▶ **Source data**:
------

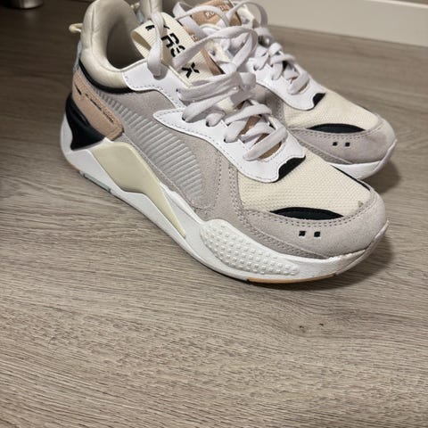 Puma RS-X Reinvent i fargen "White-Natural Vachetta str. 38,5 (ubrukte) selges til kr. 800 (kjøpspris var kr. 1200). Kjøpt for 2 år siden, har kun stått lagret og er ikke brukt. Fremstår derfor som nyinnkjøpte. Selges da jeg har flere av samme modell. MERK: Jeg bruker str. 38, men måtte opp en halv størrelse i denne modellen! Flott sneaker, svært komfortabel, klemmer ikke foran siden den har litt bredde. Fin både til kjole og jeans. Overdelen er av mesh, semsket og syntetisk skinn. Lett PU mellomsåle, og yttersåle av gummi. Det er "pull tab" øverst på baksiden av hælkappen. Sender gjerne hvis mottaker betaler frakt (ikke FiksFerdig).
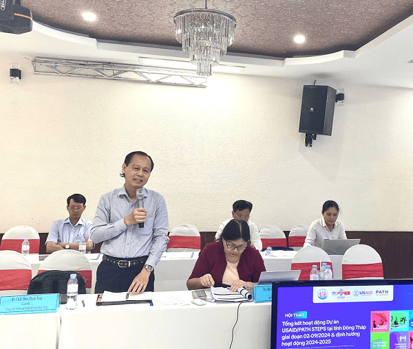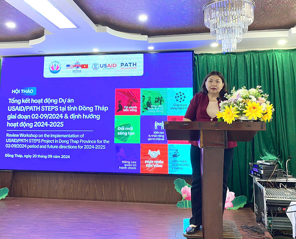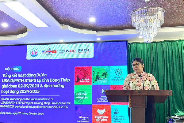 Vừa qua, ngày 20/9/2024, Sở Y tế Đồng Tháp phối hợp với Dự án USAID/PATH STEPS tổ chức Hội thảo tổng kết hoạt động Dự án STEPS tại tỉnh Đồng Tháp, từ tháng 01 đến tháng 9/2024 và định hướng hoạt động giai đoạn 2024 - 2025. DS.CK1. Lâm Thị Ngọc Kim, Phó Giám đốc Sở Y tế chủ trì Hội thảo.
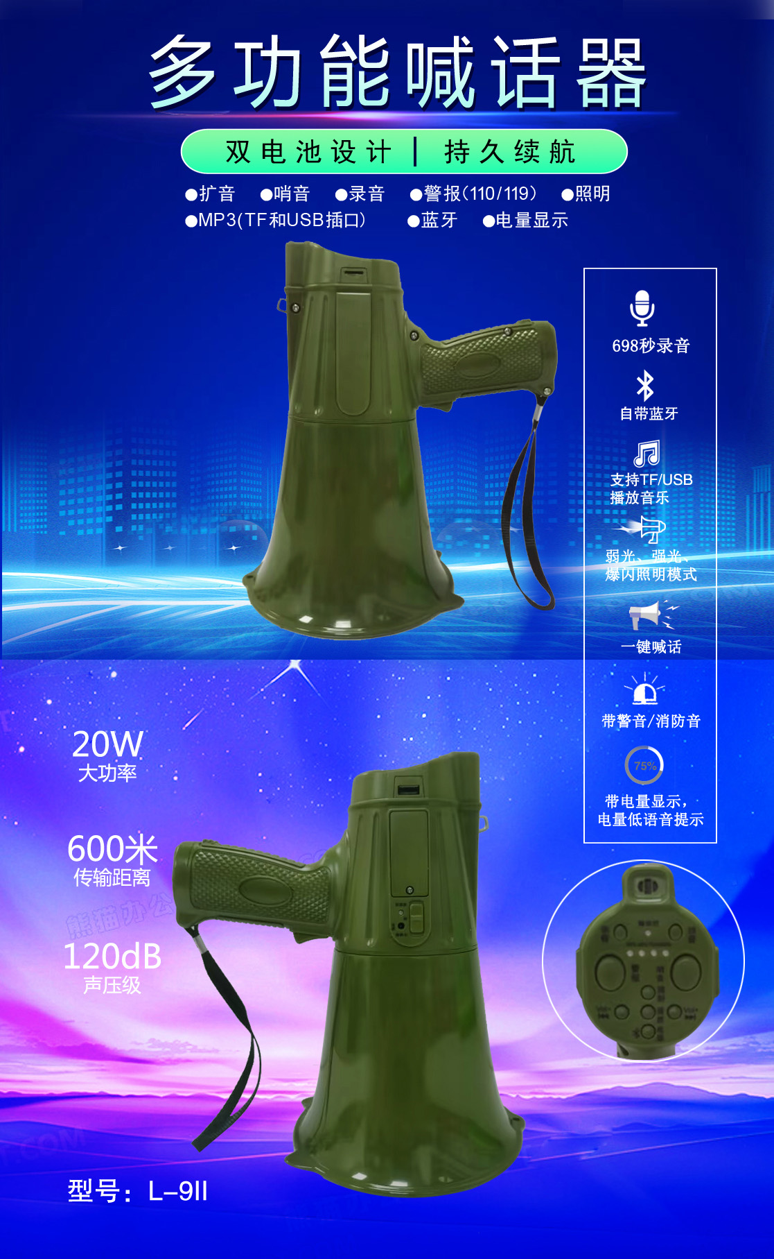 • 专业设计,外观独特、新颖,操作简便的多功能喊话器
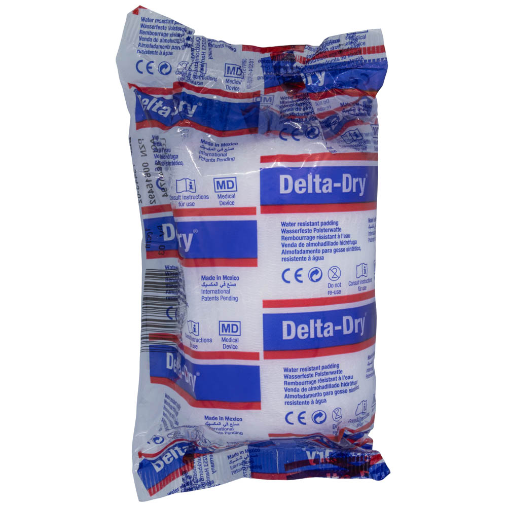 Algodón Acrílico Delta Dry es un acolchado ortopédico utilizado para yeso sintético, hecho de tejido acrílico hidrófobo, diseñado para permitir que el agua pase a través del material y no quede retenida en éste, permitiendo al paciente bañarse o incluso la inmersión en agua, sin riesgo de maceración de la piel.
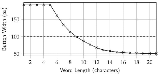 Depending on the size of the word to correct, the character buttons in TapFix automatically adjust their size to fit the screen. Starting at a width of 64 pt and a height of 50 pt (points) for words up to 8 characters, buttons decrease in width down to 17 pt at 21 characters in order to still fit on the screen. On Retina devices, the number of pixels depends on the scale factor. For all iPhones released since 2020 (with the exception of the SE models), this factor is , thus 1 pt will scale by 3 px (pixel) into each dimension. The default character button width on the English (US) keyboard is 100 px. So, for up to 9 characters inclusive, TapFix characters will be at least as wide as a regular keyboard character. The scaling curve for the width of TapFix character buttons is shown in Figure 4. The effect of the character button width and the target word length in general is investigated as part of the experiment.
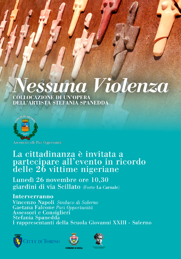 Alla cerimonia inaugurale dal titolo "Nessuna Violenza", insieme all'artista, hanno preso parte il Sindaco di Salerno Vincenzo Napoli, l'Assessore alle Pari Opportunità Gaetana Falcone, assessori e consiglieri comunali, i rappresentanti della Scuola Giovanni XIII di Salerno.
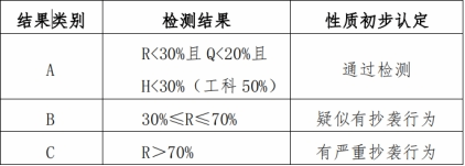 3.首次检测,结果为 C 类,学生不允许参加一辩。由指导教师指导学生进行论文修改,再次查重,合格后参加二辩,仍不合格,毕业设计(论文)成绩不及格。

------

The entries are to be copied exactly, and each image is to be omitted.

▶ **Response to this task**:
 Puma RS-X Reinvent i fargen "White-Natural Vachetta str. 38,5 (ubrukte) selges til kr. 800 (kjøpspris var kr. 1200). Kjøpt for 2 år siden, har kun stått lagret og er ikke brukt. Fremstår derfor som nyinnkjøpte. Selges da jeg har flere av samme modell. MERK: Jeg bruker str. 38, men måtte opp en halv størrelse i denne modellen! Flott sneaker, svært komfortabel, klemmer ikke foran siden den har litt bredde. Fin både til kjole og jeans. Overdelen er av mesh, semsket og syntetisk skinn. Lett PU mellomsåle, og yttersåle av gummi. Det er "pull tab" øverst på baksiden av hælkappen. Sender gjerne hvis mottaker betaler frakt (ikke FiksFerdig).
 Vừa qua, ngày 20/9/2024, Sở Y tế Đồng Tháp phối hợp với Dự án USAID/PATH STEPS tổ chức Hội thảo tổng kết hoạt động Dự án STEPS tại tỉnh Đồng Tháp, từ tháng 01 đến tháng 9/2024 và định hướng hoạt động giai đoạn 2024 - 2025. DS.CK1. Lâm Thị Ngọc Kim, Phó Giám đốc Sở Y tế chủ trì Hội thảo.
 • 专业设计,外观独特、新颖,操作简便的多功能喊话器
 Algodón Acrílico Delta Dry es un acolchado ortopédico utilizado para yeso sintético, hecho de tejido acrílico hidrófobo, diseñado para permitir que el agua pase a través del material y no quede retenida en éste, permitiendo al paciente bañarse o incluso la inmersión en agua, sin riesgo de maceración de la piel.
 Depending on the size of the word to correct, the character buttons in TapFix automatically adjust their size to fit the screen. Starting at a width of 64 pt and a height of 50 pt (points) for words up to 8 characters, buttons decrease in width down to 17 pt at 21 characters in order to still fit on the screen. On Retina devices, the number of pixels depends on the scale factor. For all iPhones released since 2020 (with the exception of the SE models), this factor is , thus 1 pt will scale by 3 px (pixel) into each dimension. The default character button width on the English (US) keyboard is 100 px. So, for up to 9 characters inclusive, TapFix characters will be at least as wide as a regular keyboard character. The scaling curve for the width of TapFix character buttons is shown in Figure 4. The effect of the character button width and the target word length in general is investigated as part of the experiment.
 Alla cerimonia inaugurale dal titolo "Nessuna Violenza", insieme all'artista, hanno preso parte il Sindaco di Salerno Vincenzo Napoli, l'Assessore alle Pari Opportunità Gaetana Falcone, assessori e consiglieri comunali, i rappresentanti della Scuola Giovanni XIII di Salerno.
 3.首次检测,结果为 C 类,学生不允许参加一辩。由指导教师指导学生进行论文修改,再次查重,合格后参加二辩,仍不合格,毕业设计(论文)成绩不及格。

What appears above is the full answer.